Early 2003 saw Alex put together ‘The Orb’s Back To Mine’ mix CD for the renowned DMC series - a ‘personal collection for after hours grooving’ . In the summer the new album ‘Bicycles & Tricycles’ was released in Japan, which includes alternative mixes of tracks that will appear on the worldwide release. Being characteristically free-spirited, ‘Bicycles & Tricycles’ is traditionally full of Orb humour and darkness, love and loathing, intensity and simplicity, embracing all the elements that make Orb albums unique. It will be released in the UK and Europe on new label The The Hexus in early 2004 and sees The Orb's pilot Alex Paterson, along with long-time collaborator Simon Phillips (Prayer Box) and John Roome (Witchman), joined by collaborators Thomas Fehlmann (That Swiss Fella), Fil (Autolump), Jimmy Cauty (Custerd) and vocalists The Corpral and Soom-T (Monkeytribe). Alongside ‘Bicycles & Tricycles’, other imminent Orb missions include an album by Custerd - the project of Alex and original Orb co-founder Jimmy Cauty - the MadOrb remix venture between Alex and esteemed reggae producer Mad Professor and an exclusive remix of Blue Room which will appear on a compilation representing the BBC Radio One show 'The Blue Room'.
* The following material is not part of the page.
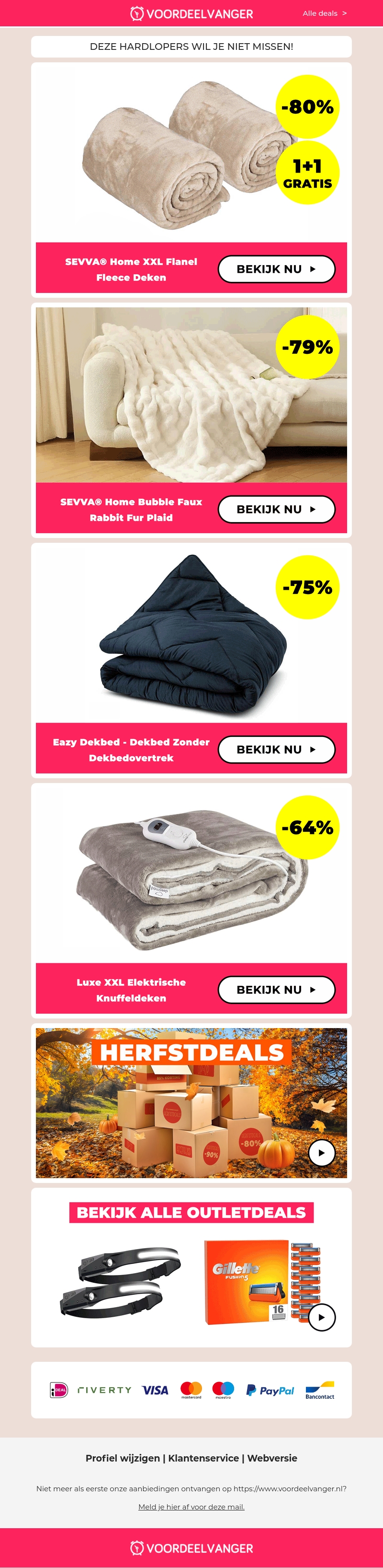 Ontdek de geweldige aanbiedingen op diverse dekens bij Voordeelvanger. Bespaar tot 80% op onze selectie van flanellen en elektrische dekens. Mis het populaire 1+1 gratis aanbod niet. Perfect voor warme en gezellige avonden in de herfst. Bekijk alle outletdeals nu en geniet van enorme kortingen.
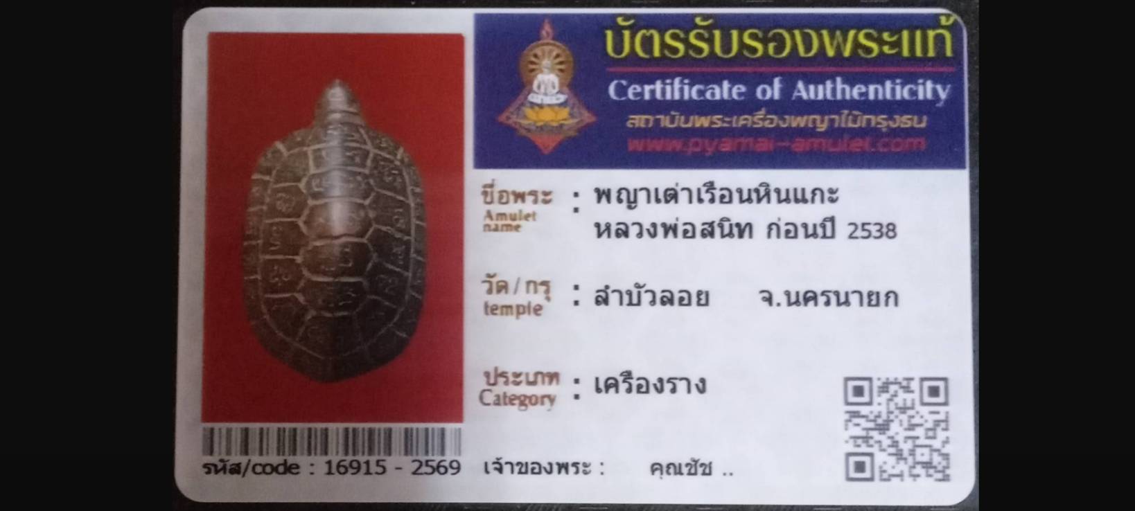 ไม่มีหมวดหมู่ พญาเต่าเรือนหินแกะ หลวงพ่อสนิท วัดลำบัวลอย จ.นครนายก เจ้าของพระ คุณชัช รหัสบัตร 16915 – 2569

And so the Orb’s uncharted trajectory continues, a reefer spin in the galaxy that trails behind it a series of statements, secrets, clues and a critical mass of legendary records and live shows. With its completely off-the-wall approach to making music, The Orb has played a central role in the development of electronic music and been instrumental in opening up ears to a spectrum of different sounds by channelling everything to the same point. They have shown that music can be used as a vehicle to convey ideas and information and their imaginative visual aspect has been the blueprint for the larger dance acts of today. As The Orb continues to evolve it continues to bring pleasure. Time goes slowly when you count it. Fifteen years is a long time on anybody’s stopwatch, but who’s counting? Orb Is …

 

• The Orb was once nearly arrested for squirting Japanese Policemen with water pistols.

• There were a lot of jellyfish at the Copenhagen show.

• It was Simon Phillips who was dressed as the Pink Panther at the Manchester Academy gig in 1993.